Paneth cells are a primary secretory epithelium that resides at the crypt bottom and releases antimicrobial peptides, including lysozyme. Our study demonstrated that after LPS injection, Lysozyme expression in duodenal crypt decreased substantially from 1 hpi to 8 hpi. This result aligns well with the finding that Salmonella enterica serovar Typhimurium infected in mice would reduce the Paneth cell–specific lysozyme content and the number of granules per Paneth cell (Martinez Rodriguez et al., 2012). However, the Paneth cell population would expand owing to the activation of their differentiation program (Martinez Rodriguez et al., 2012). Moreover, ultrastructural analysis in our study showed a considerable number of mitochondria in Paneth cells were swollen at 4 hpi of LPS, indicating that the Paneth cells impaired severely under LPS challenge. Similarly, necrosis-like swelling mitochondria also appeared in the intestinal crypt of mice with inflammatory bowel disease (Wang et al., 2020). These suggested that Paneth cells of chickens impaired obviously at the early stage of intestinal inflammation.

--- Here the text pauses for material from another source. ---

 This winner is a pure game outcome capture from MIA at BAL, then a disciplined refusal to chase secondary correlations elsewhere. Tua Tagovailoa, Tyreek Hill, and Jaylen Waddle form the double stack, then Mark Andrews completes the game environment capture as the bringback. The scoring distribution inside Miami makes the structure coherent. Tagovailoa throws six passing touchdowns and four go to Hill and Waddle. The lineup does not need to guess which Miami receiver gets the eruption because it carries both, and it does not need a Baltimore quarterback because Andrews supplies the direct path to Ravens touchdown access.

Paneth cells provide a niche for ISC by producing signaling molecules such as Wnt, Notch ligands, and epidermal growth factor (Schepers et al., 2012). Rodríguez-Colman et al. (2017) proved that Wnt3a would promote the proliferation of Lgr5+ ISC and transit-amplifying cells in intestinal organoid in vitro. van Es et al. (2012) suggested that Paneth cells could secret Dll1 and Delta-like4 as Notch ligands, which trigger Notch1 and Notch2 on ISC, thus keeping them from entry into the secretory lineage. In the present study, after LPS challenge in young chickens, Dll1 and Wnt3a in the crypt increased gradually from 1 hpi to 8 hpi, corresponding to the downregulated MUC2 expression and upregulated Lgr5 and Bmi1 at 8 hpi. Consistently, TNF was demonstrated to enhance Wnt/β-catenin signaling during ulcer healing in mice with inflammatory bowel disease (Bradford et al., 2017). S. Pullorum infection in chickens could increase the depth of crypt and abnormal proliferation of ISC by overactivation of Wnt/β-catenin pathway (Xie et al., 2020). These suggested that the secretion profile of the chicken's Paneth cells was changed under LPS-induced intestinal inflammation.

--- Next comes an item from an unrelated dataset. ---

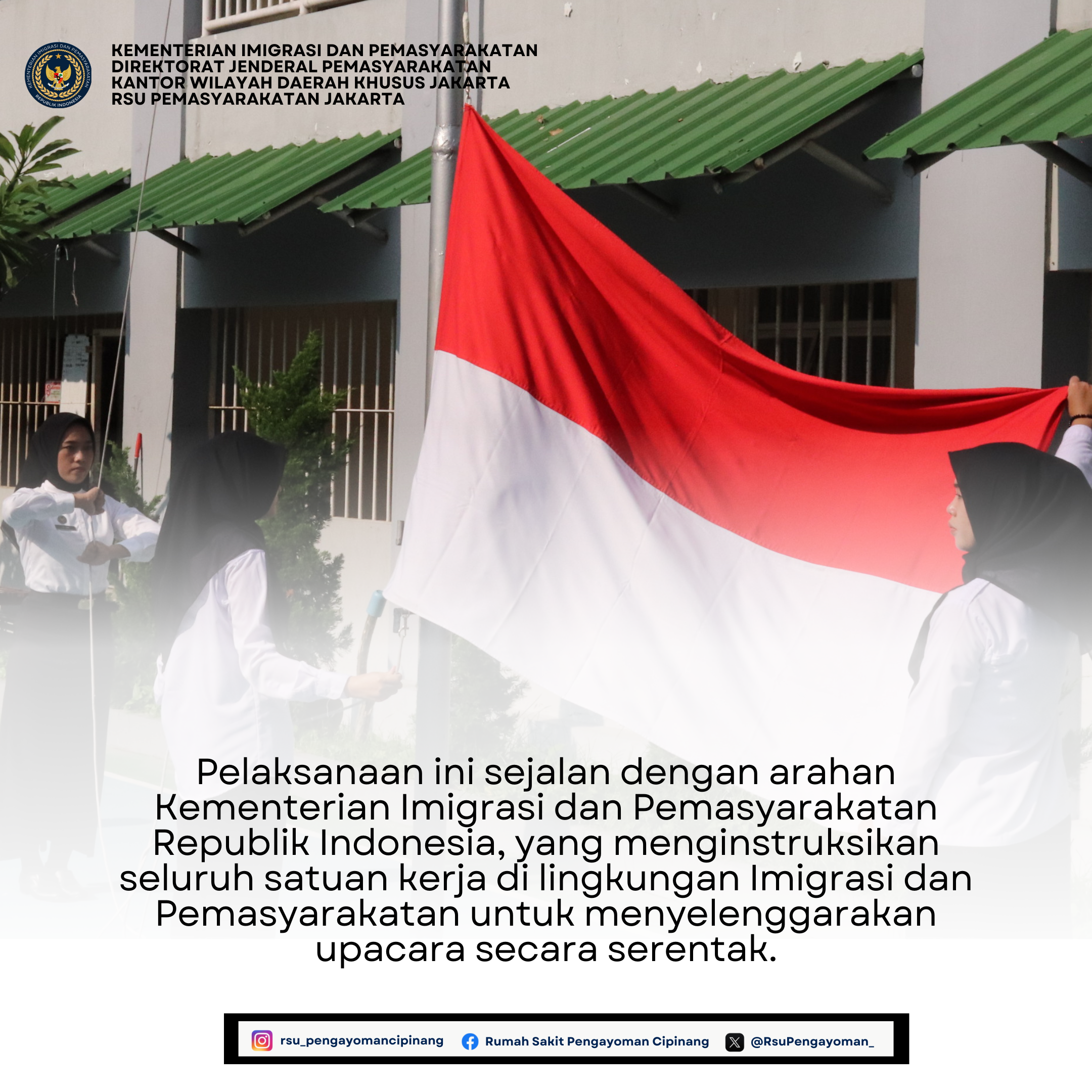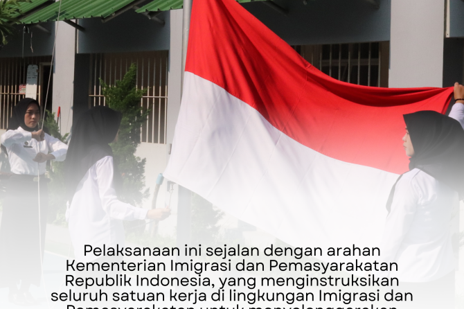Pelaksanaan ini sejalan dengan arahan Kementerian Imigrasi dan Pemasyarakatan Republik Indonesia, yang menginstruksikan seluruh satuan kerja di lingkungan Imigrasi dan Pemasyarakatan untuk menyelenggarakan upacara secara serentak.

In conclusion, at the early stage of LPS-induced intestinal inflammation (from 1 hpi–4 hpi), Paneth cells were impaired obviously, which was reflected as swollen mitochondria and downregulated Lysozyme. Subsequently, the ISC activity reduced remarkably. Soon after that, the transcription of Wnt3a and Dll1 in crypt increased gradually and induced the recovery of ISC activity.